§ **WHAT YOU WILL DO**
Start to finish, return the listing below exactly, pictures excluded.

====== COLLECTED DATA ======

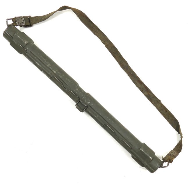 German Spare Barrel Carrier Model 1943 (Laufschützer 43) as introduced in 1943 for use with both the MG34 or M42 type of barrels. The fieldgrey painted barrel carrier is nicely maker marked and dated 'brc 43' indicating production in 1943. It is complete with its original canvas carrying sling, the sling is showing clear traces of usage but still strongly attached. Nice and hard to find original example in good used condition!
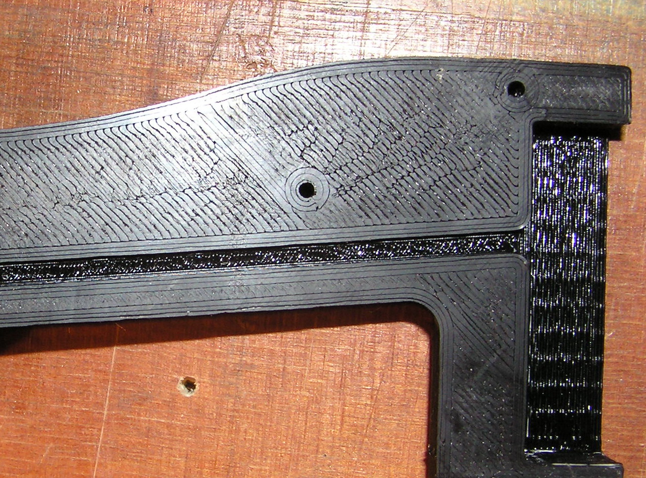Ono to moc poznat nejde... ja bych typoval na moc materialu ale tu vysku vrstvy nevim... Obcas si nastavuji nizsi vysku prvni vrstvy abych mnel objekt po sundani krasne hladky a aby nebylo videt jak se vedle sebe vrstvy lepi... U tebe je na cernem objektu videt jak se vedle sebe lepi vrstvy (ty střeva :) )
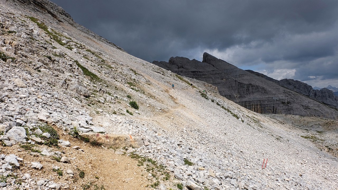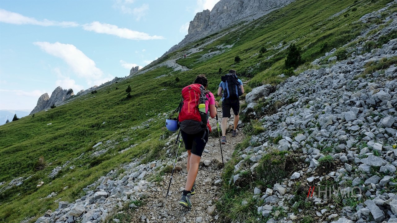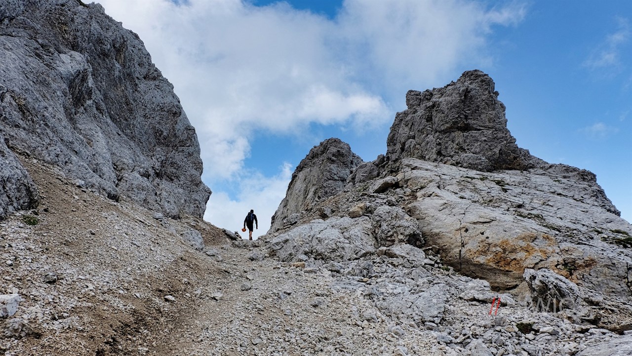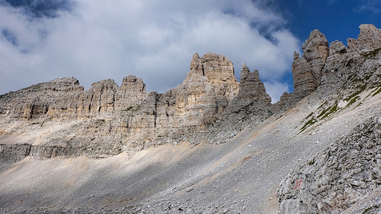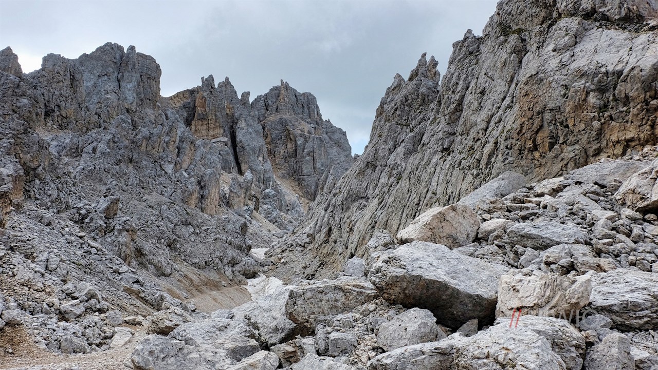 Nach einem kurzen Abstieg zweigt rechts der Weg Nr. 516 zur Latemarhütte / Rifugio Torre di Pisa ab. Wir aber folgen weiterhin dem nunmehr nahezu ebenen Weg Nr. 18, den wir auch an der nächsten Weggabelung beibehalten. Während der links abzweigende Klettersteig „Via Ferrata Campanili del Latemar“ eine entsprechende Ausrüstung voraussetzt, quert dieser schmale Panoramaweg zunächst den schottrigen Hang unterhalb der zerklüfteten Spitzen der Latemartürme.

======

§ **SOLVED EXERCISE**
 German Spare Barrel Carrier Model 1943 (Laufschützer 43) as introduced in 1943 for use with both the MG34 or M42 type of barrels. The fieldgrey painted barrel carrier is nicely maker marked and dated 'brc 43' indicating production in 1943. It is complete with its original canvas carrying sling, the sling is showing clear traces of usage but still strongly attached. Nice and hard to find original example in good used condition!
Ono to moc poznat nejde... ja bych typoval na moc materialu ale tu vysku vrstvy nevim... Obcas si nastavuji nizsi vysku prvni vrstvy abych mnel objekt po sundani krasne hladky a aby nebylo videt jak se vedle sebe vrstvy lepi... U tebe je na cernem objektu videt jak se vedle sebe lepi vrstvy (ty střeva :) )
 Nach einem kurzen Abstieg zweigt rechts der Weg Nr. 516 zur Latemarhütte / Rifugio Torre di Pisa ab. Wir aber folgen weiterhin dem nunmehr nahezu ebenen Weg Nr. 18, den wir auch an der nächsten Weggabelung beibehalten. Während der links abzweigende Klettersteig „Via Ferrata Campanili del Latemar“ eine entsprechende Ausrüstung voraussetzt, quert dieser schmale Panoramaweg zunächst den schottrigen Hang unterhalb der zerklüfteten Spitzen der Latemartürme.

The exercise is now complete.